The White House said that Mr. Obama had gone longer than any president in the past three decades without asserting such a privilege in a dispute with Congress.
President George W. Bush claimed the privilege six times and President Clinton 14 times, the White House said. In both cases, they acted to withhold the same type of documents that Mr. Obama is refusing to hand over. Presidents have asserted the privilege 24 times since the Reagan presidency, the White House said.
Fast and Furious was an investigation by the Bureau of Alcohol, Tobacco, Firearms and Explosives into a gun-trafficking network that was funneling weapons purchased by “straw buyers” to a Mexican gun cartel. It ran from late 2009 to early 2011.
Agents used the tactic known as “gun walking” — failing to interdict weapons as soon as possible, in an attempt to build a bigger case. As a result, they lost track of some 2,000 weapons, two of which were later recovered at the scene where a Border Patrol agent, Brian Terry, was killed in a shootout in December 2010.
The Justice Department has turned over about 7,600 documents to Congress in response to the Congressional investigation, covering both Fast and Furious and several previous operations during the Bush administration in which the same A.T.F. division had used similar tactics.

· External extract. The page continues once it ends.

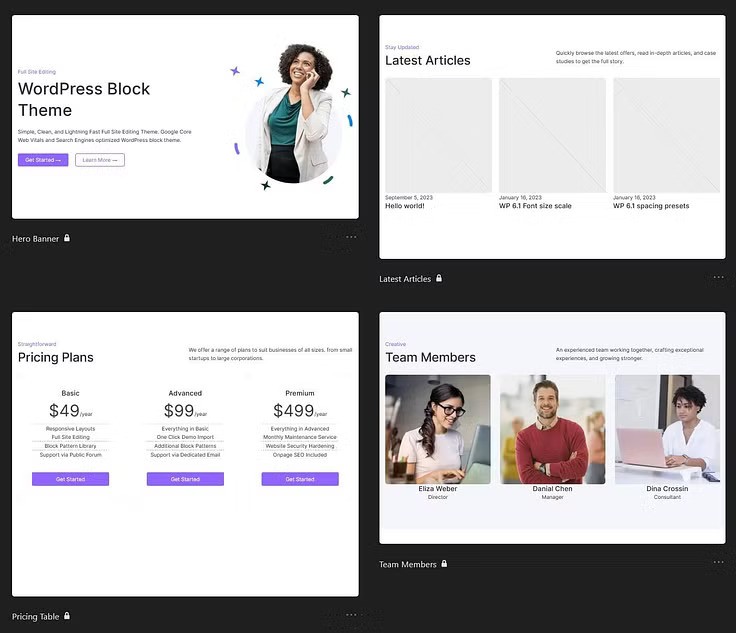 ستتمكن من تصميم قوالب WordPress موقعك باستخدام الكتل مع الوصول أيضًا إلى أشكال مختلفة من الأنماط المعدة مسبقًا لتغيير مظهر موقعك بسرعة. بالإضافة إلى ذلك، فإن كل هذه القوالب تتضمن أيضًا الكثير من أنماط الكتل لمساعدتك على العمل بشكل أكثر كفاءة.

The documents still in dispute are internal e-mails by department officials after Feb. 4, 2011, related to the Congressional investigation into Fast and Furious. That was the date that the department sent a letter to Congress in response to early questions about Fastand Furious claiming that the A.T.F. always made every effort to interdict illegally purchased guns.
As 2011 unfolded, however, the department walked back from that initial denial. Mr. Holder began an inspector general investigation into the matter, and in December the department rescinded the letter and acknowledged that it had been misleading. At the same time, it turned over internal communications leading up to the letter showing that at the time officials at Justice Department headquarters drafted it, Arizona-based law enforcement officials were insisting internally that there had been no gun walking in Fast and Furious.
Republicans now want to see what Justice Department officials said to each other after the letter as the Congressional investigation unfolded and as it became clear that its initial denial was wrong, and whether they retaliated against A.T.F. agents who informed Congress about the problems with the case.
But Mr. Cole, in his letter, said the department had already “substantially complied” with the subpoena.
“The documents responsive to the remaining subpoena items pertain to sensitive law enforcement activities, including ongoing criminal investigations and prosecutions, or were generated by department officials in the course of responding to Congressional investigations or media inquiries about this matter that are generally not appropriate for disclosure,” he said.